* **Supplied material**
▬▬▬▬▬▬

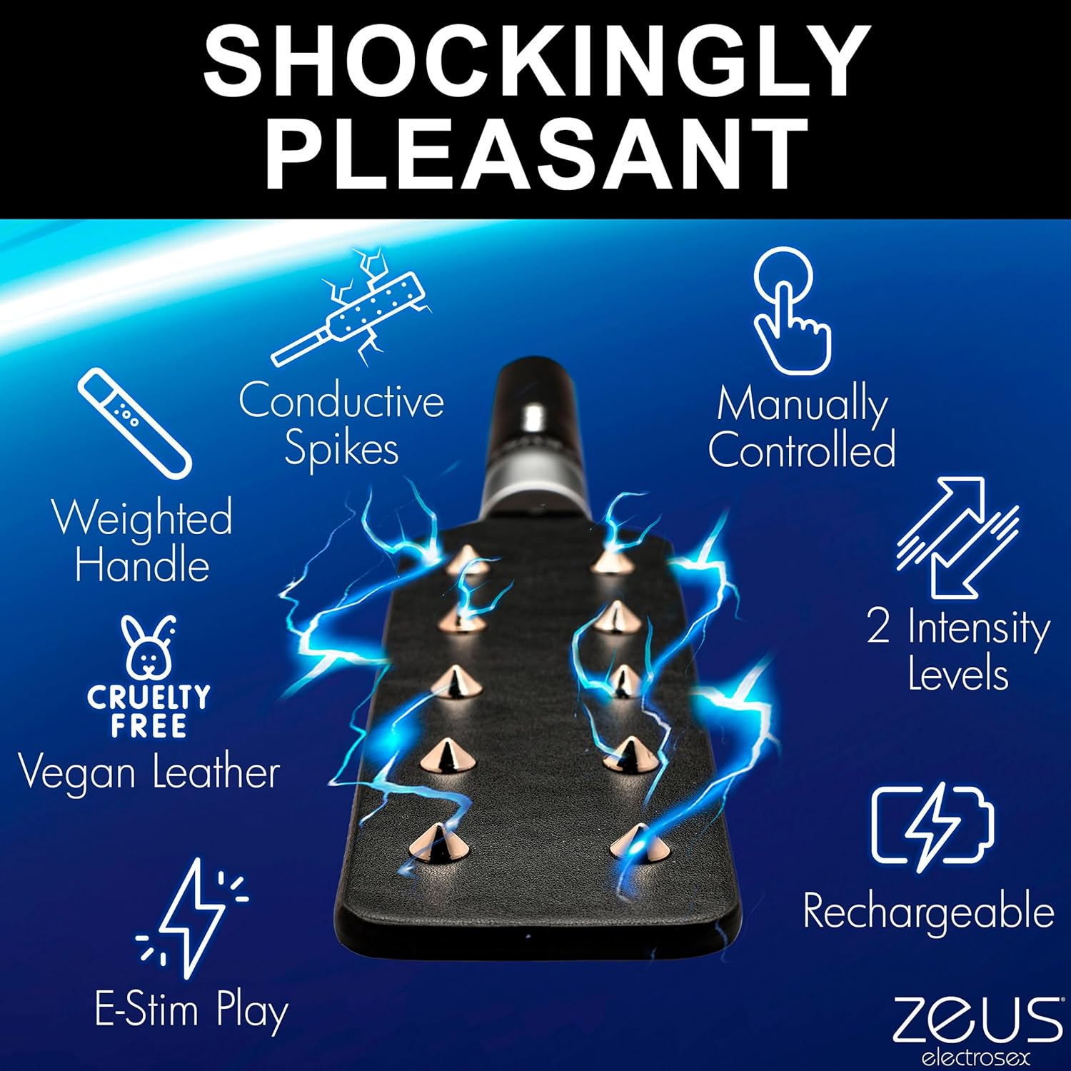 Add some bite to your spanking sessions with this E-stim Spiked Paddle! It has 10 spikes on one side that will bite into your partner's juicy flesh like little teeth. They won't break the skin, but they will leave a memorable sensation. Flip it over to the flat side and rub their behind to cool them down. Then amp up the intensity again by turning on the electrostimulation! Choose between two different intensities and enjoy as they get shocked by the conductive spikes! The paddle is covered in vegan-friendly, vegan leather and the metal is made out of nickel-free, zinc alloy. The e-stim paddle is rechargeable. Simply use the USB cable provided. Keep away from water.Note: Keep away from water. Not recommended to use e-stim products on the chest or with partners who have pacemakers.
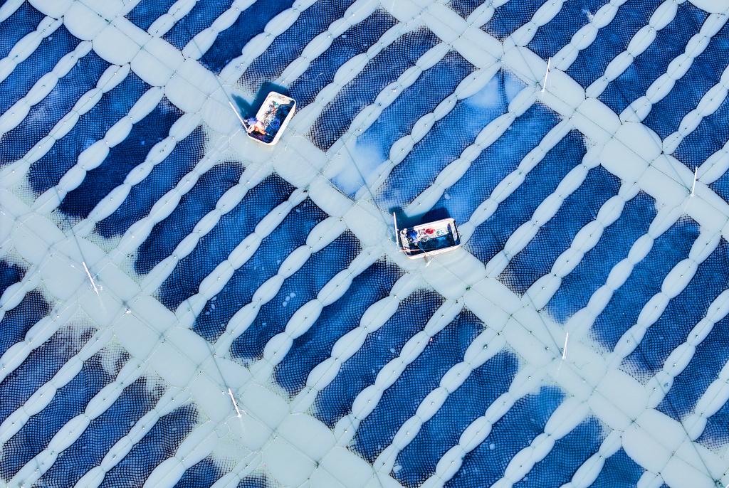 12月22日,渔民在江苏省连云港市海州湾渔场养殖区收获紫菜(无人机照片)。
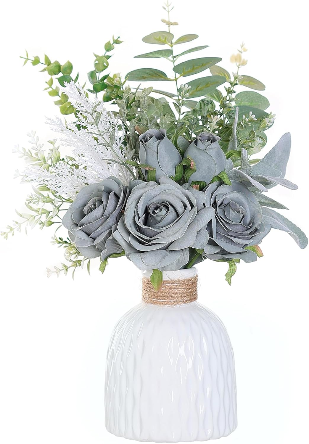 Silk Roses & Eucalyptus in Ceramic Vase Decor
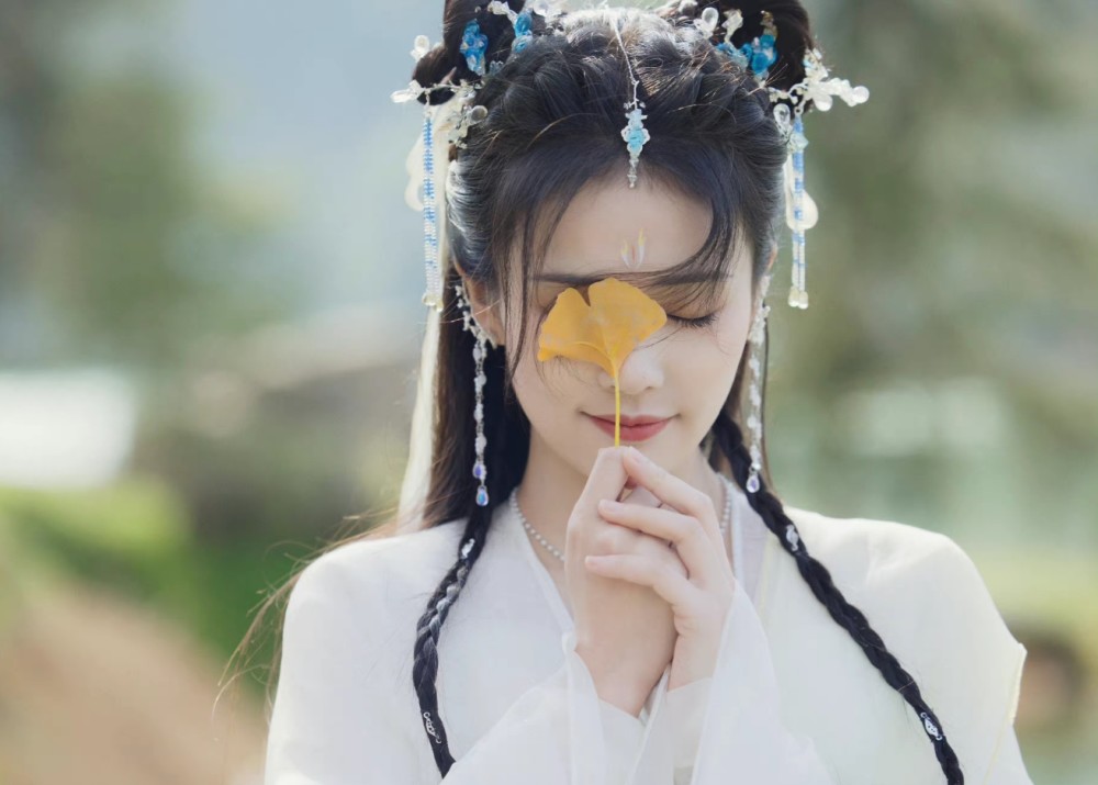 仙气的白色服饰搭配精致的发型和头饰,让白鹿整个人看起来灵气十足,让人很有看剧的欲望。

▬▬▬▬▬▬

* **Exercise objective**
Leave every picture out and set down exactly the lines running from the one with "Silk Roses &" to the last line of the material above.

* **Solution for this problem**
 Silk Roses & Eucalyptus in Ceramic Vase Decor
 仙气的白色服饰搭配精致的发型和头饰,让白鹿整个人看起来灵气十足,让人很有看剧的欲望。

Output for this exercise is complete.